La teoría del contrato social sirvió de inspiración e incitó la Revolución Francesa. Es posible establecer una analogía, aunque algo imperfecta, entre las revueltas de los ‘chalecos amarillos’ y la Revolución Francesa. En común tienen que surgieron en el mismo país. El ideario de este acontecimiento histórico, ciertamente, se aproxima mucho más al de Macron que al de la protesta popular actual. Mientras que los revolucionarios franceses del siglo XVIII poseían una tendencia ideológica liberal-burguesa, los que desafían el orden establecido hoy en día se decantan por un extremismo ideológico ambivalente. Cabe señalar que el espectro político actual ha variado mucho respecto al de esa época. Si bien, resulta pertinente analizar que ambos comparten un espíritu revolucionario, dejando a un lado las tendencias políticas ‘per se’.

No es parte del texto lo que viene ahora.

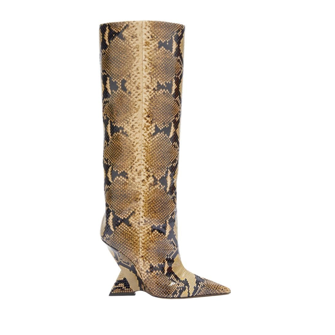 The Attico ”cheope” Sand and Black Tube Boot python-printed leather with a pyramid wedge, 105mm heel. Made in Italy.

Estos ciudadanos, sin embargo, son, al fin y al cabo, unos vándalos que no han encontrado respuesta en las instituciones. Una manifestación no tiene por qué ser violenta. Resulta entristecedor, que solo con protestas violentas se consigan llevar a cabo reformas (aunque populistas) y llamar la atención de los medios de comunicación. Máxime cuando únicamente consiguen proyectar una mala imagen frente a la opinión pública. Pero, realmente, reciben atención, que es lo trascendente para ellos. A fin de cuentas, no es un asunto baladí.

Por cierto, Emmanuel, ya es hora de dimitir.